Electric vehicle (EV) sales are expected to reach 62 million units per year by 2050, with a total global EV stock of 700 million, according to new research from Wood Mackenzie.
Shortly before that date, in 2047, battery electric vehicle (BEV), plug-in hybrid electric vehicle (PHEV) and fuel cell vehicle (FCV) sales will combine to eclipse internal combustion engine (ICE) sales globally for light-duty vehicles for the first time.
EV sales are expected to top a combined 7 million a year in China, Europe and the US by 2025. Improved EV costs will propel sales and double EV numbers to a combined 15 million a year in those three regions by 2030. All automobile sales in Europe (86%), China (81%) and North America (78%) will predominantly be EVs by 2050, says Wood Mackenzie.
“In 2020, global EV sales surged 38% despite a decline of 20% in all car sales. Emissions regulations in western Europe were successful in doubling EV adoption despite the crippling coronavirus pandemic. This provides a roadmap for other countries and regions with similar goals to stimulate EV sales growth,” said Ram Chandrasekaran, Wood Mackenzie Principal Analyst.
Today’s major automakers - Volkswagen, Tesla, General Motors, Fiat-Peugeot, Renault-Nissan and Hyundai - will continue to make up a large share of future EVs. “Most automakers are a few years behind Tesla in terms of technology and efficiency.

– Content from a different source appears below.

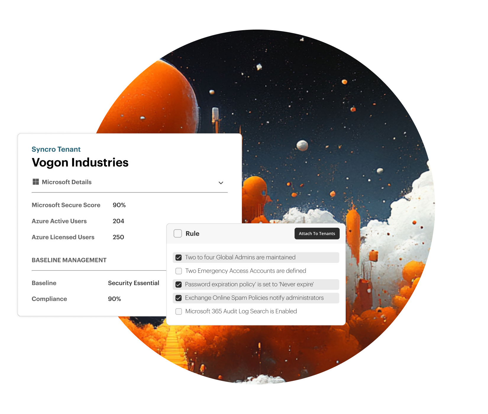 Gain a 360-degree view of your organization’s cloud security health. Syncro bridges the gap between endpoint management and cloud identity, ensuring your security assessments lead directly to rapid remediation.

However, they can quickly outgun Tesla when it comes to manufacturing capacity and quality” added Chandrasekaran.
Lead by electric buses and light trucks, annual commercial EV sales are expected to top 3 million by 2025 and triple to nearly 9 million by 2030. Annual commercial vehicle sales are projected to reach 6.4million by 2050, while global stock will swell to 54 million.

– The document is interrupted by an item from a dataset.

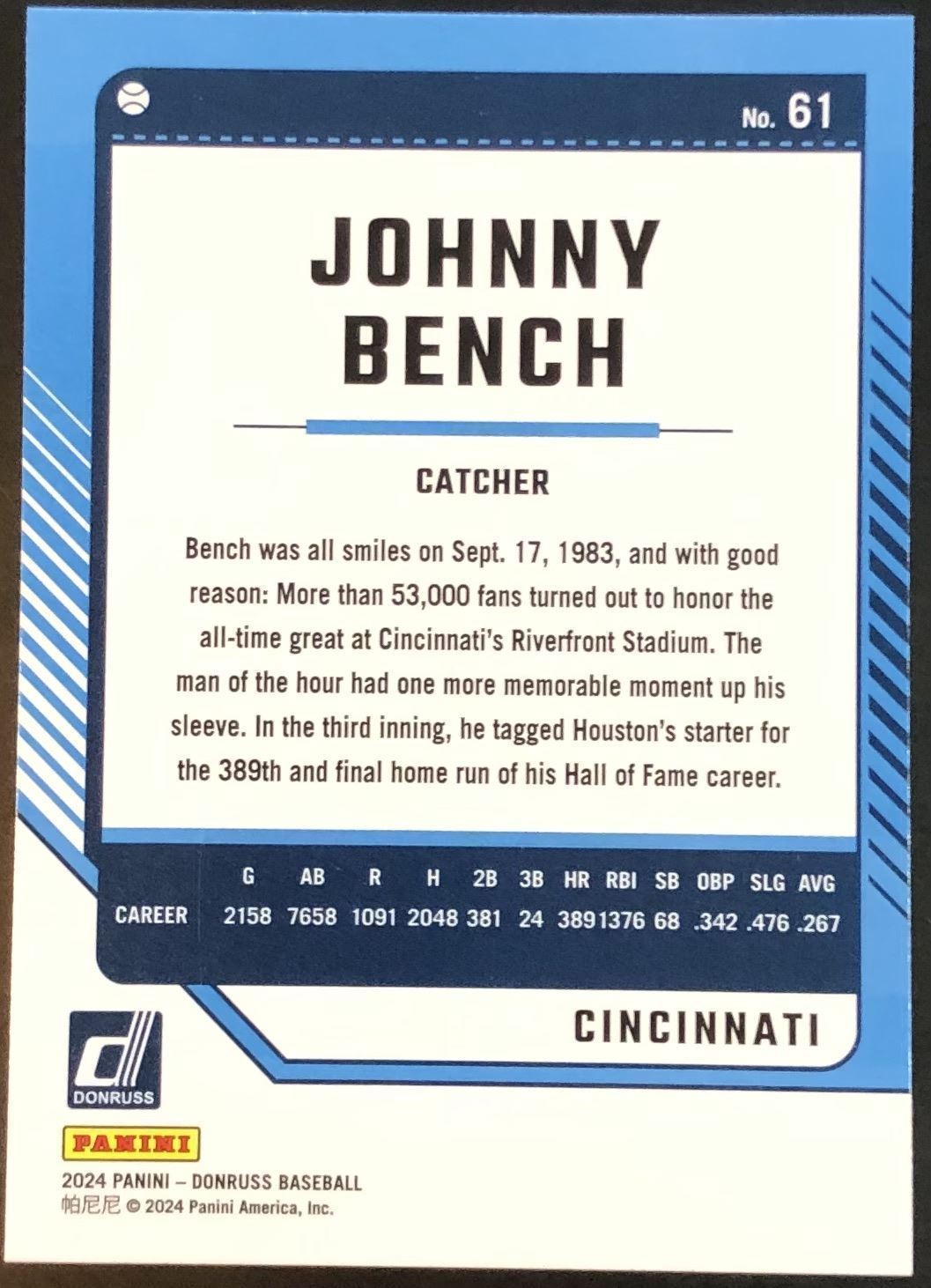 Lot 609 2024 DONRUSS JOHNNY BENCH (HOF)

At a whopping 88% of the total 416 million charging outlets globally by 2050, residential chargers are projected to be the primary mode of charging for EVs globally.
“Despite the growing dominance of EVs, global oil demand from light-duty vehicles is projected to reduce by only 24% over the next 30 years. Slow erosion of ICE stock and an increased demand from emerging economies are the main reasons for this lethargic drop,” said Chandrasekaran.